***** STORED DATA
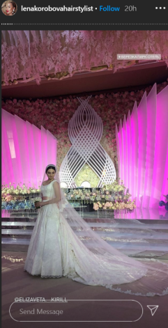 Невеста отправилась под венец в стильном костюме. На ней был белый топ и длинная пышная юбка. Елизавета примерила фату на гладко собранные волосы. Девушка улыбалась и выглядела счастливой. Она позировала в шикарном зале, декорированном в розовом и белом оттенках.
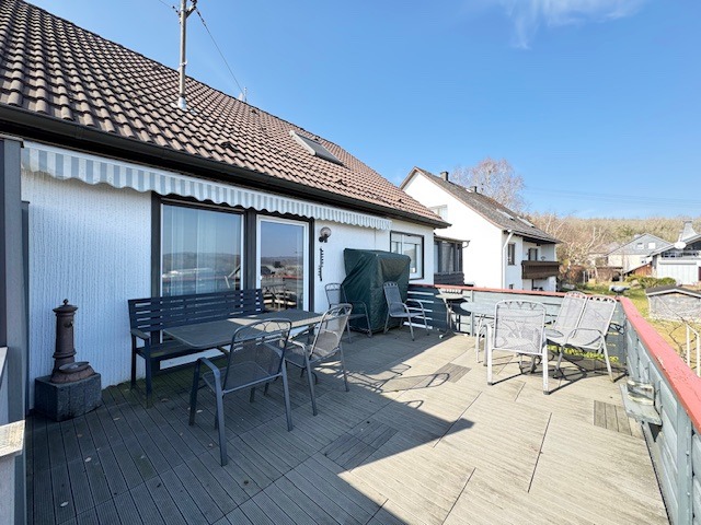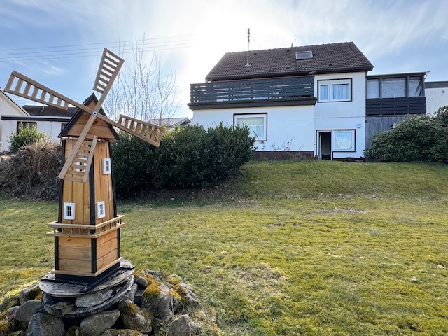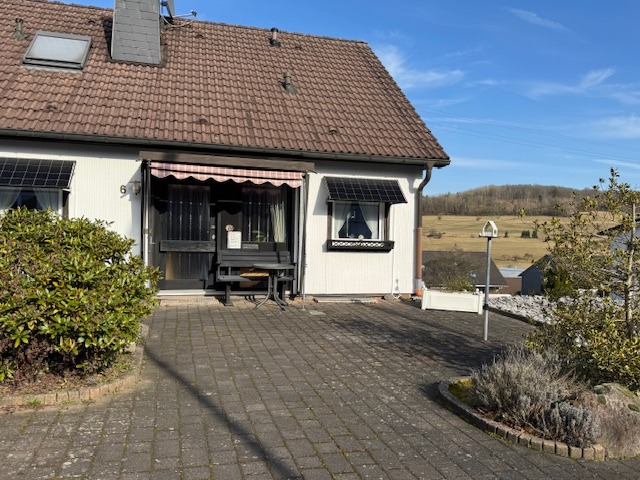 Das Anwesen befindet sich in einem gepflegten Wohngebiet am Ortsrand, in sonniger und ruhiger Lage. Sie wohnen hier an einer reinen Anliegerstraße ohne Durchgangsverkehr (Sackgasse), und von der Dachterrasse hinterm Haus (mit elektrischer Markise) haben Sie eine tolle, unverbaubare Fernsicht. Darüberhinaus gibt es eine weitere (2020 überdachte) Terrasse zum Verweilen. Das Areal ist teilweise mit Rasen eingesät sowie vielfältig bepflanzt. Die Zuwege sind mit Verbundsteinen und Rasengittersteinen gepflastert.
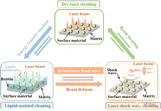 飞机长期在潮湿、高压以及冷热循环的复杂环境中服役,不可避免地导致蒙皮表面漆层出现褪色、老化、腐蚀以及龟裂等缺陷,从而危及飞机的飞行安全。因此,必须定期对蒙皮原有漆层进行清除后再重新涂装。据报道,一架波音747飞机漆层的清洗周期为3~5年,单次清除面积近2000 m2 ,总质量约为250~300 kg。某型军用飞机在飞行数小时后就需要对漆层进行清除和重新涂装。可见,蒙皮除漆是飞机维护领域一项重要的基础工作。目前,飞机蒙皮除漆方法主要包括手工机械打磨、高压水力冲击、二氧化碳喷射清洗、化学试剂清洗(如甲基乙基酮和甲基氯等)、塑料介质喷射和超声波除漆等[8]。与其他方法相比,激光除漆技术(Laser paint stripping,LPS)具有无环境污染、与蒙皮无机械接触、除漆精确度高以及可实时监测等优势,已成功应用于国外军用和民用飞机的整机除漆。本文综述了LPS技术在飞机蒙皮除漆工程化应用的研究现状和发展趋势,对激光除漆方法和机理、工程化除漆工艺设计以及激光除漆技术标准等进行了讨论。激光除漆方法主要包括干式、湿式和激光冲击波这三种典型的脉冲激光清洗方式。
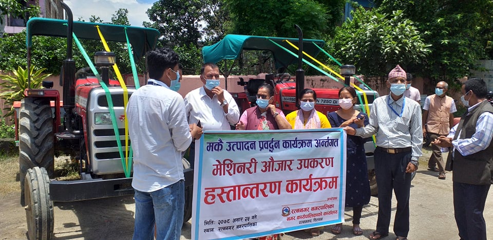 रत्ननगर, २५ आसर । रत्ननगर नगरपालिकाले ५० प्रतिशत अनुदानमा किसानहरुलाई आधुनिक उपकरण वितरण गरेको छ । कृषि उत्पादन बढाउन र लागत मुल्य कम गर्न सो नगरपालिकाले सहकारी तथा कृषि समुह मार्फत किसानहरुलाई ट्याक्टर लगायत अन्य आधुनिक कृषि उपकरण वितरण गरेको हो । मकै उत्पादन प्रर्बद्धन कार्यक्रम अन्तर्गत रत्ननगर १६ पिठुवाको भद्रकाली दुग्ध उत्पादक सहकारी संस्था र रत्ननगर १२ को सुसब एकीकृत कृषि र्फमलाई ट्याक्टर सहित कल्टीभेटर,रोडाभेटर,हाइरो,बीउ राख्ने र मल छर्ने मेसिन,थ्रेसर,टेलर र च्यापकटर मेसिन गरिएको छ । ट्याक्टर सहित अन्य उपकरणलाई ३० लाखमा खरिद गरिएको र किसानले प्रयोग गर्ने गरी ५० प्रतिशत अनुदान अतार्थ १५ लाख रुपैयामा सेट उपलब्ध गराइएको कृषि विकास शाखा प्रमुख प्रविण लामाले जानकारी दिनुभयो ।
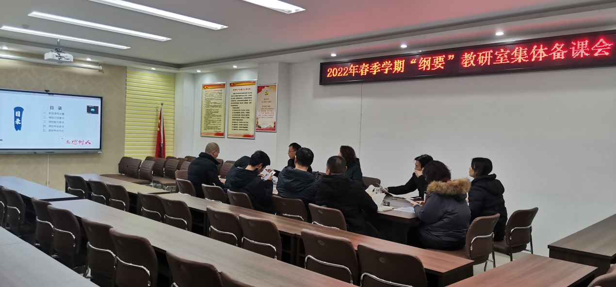 为做好开学第一课,弄通吃透新教材在章节、内容上的重大调整,2月18日上午,金年会jinnianhuicom“纲要”教研室“2022年春季学期集体备课会”在学院会议室召开。学院教学副院长訾其伦、教学秘书张琳及“纲要”教研室全体老师参会。会议由教研室主任陈杰主持。
**********
> WORK ITEM
Print the lines from the beginning of the records up to and including the line containing "Das Anwesen befindet", word for word, with no pictures.

> YOUR SOLUTION
 Невеста отправилась под венец в стильном костюме. На ней был белый топ и длинная пышная юбка. Елизавета примерила фату на гладко собранные волосы. Девушка улыбалась и выглядела счастливой. Она позировала в шикарном зале, декорированном в розовом и белом оттенках.
 Das Anwesen befindet sich in einem gepflegten Wohngebiet am Ortsrand, in sonniger und ruhiger Lage. Sie wohnen hier an einer reinen Anliegerstraße ohne Durchgangsverkehr (Sackgasse), und von der Dachterrasse hinterm Haus (mit elektrischer Markise) haben Sie eine tolle, unverbaubare Fernsicht. Darüberhinaus gibt es eine weitere (2020 überdachte) Terrasse zum Verweilen. Das Areal ist teilweise mit Rasen eingesät sowie vielfältig bepflanzt. Die Zuwege sind mit Verbundsteinen und Rasengittersteinen gepflastert.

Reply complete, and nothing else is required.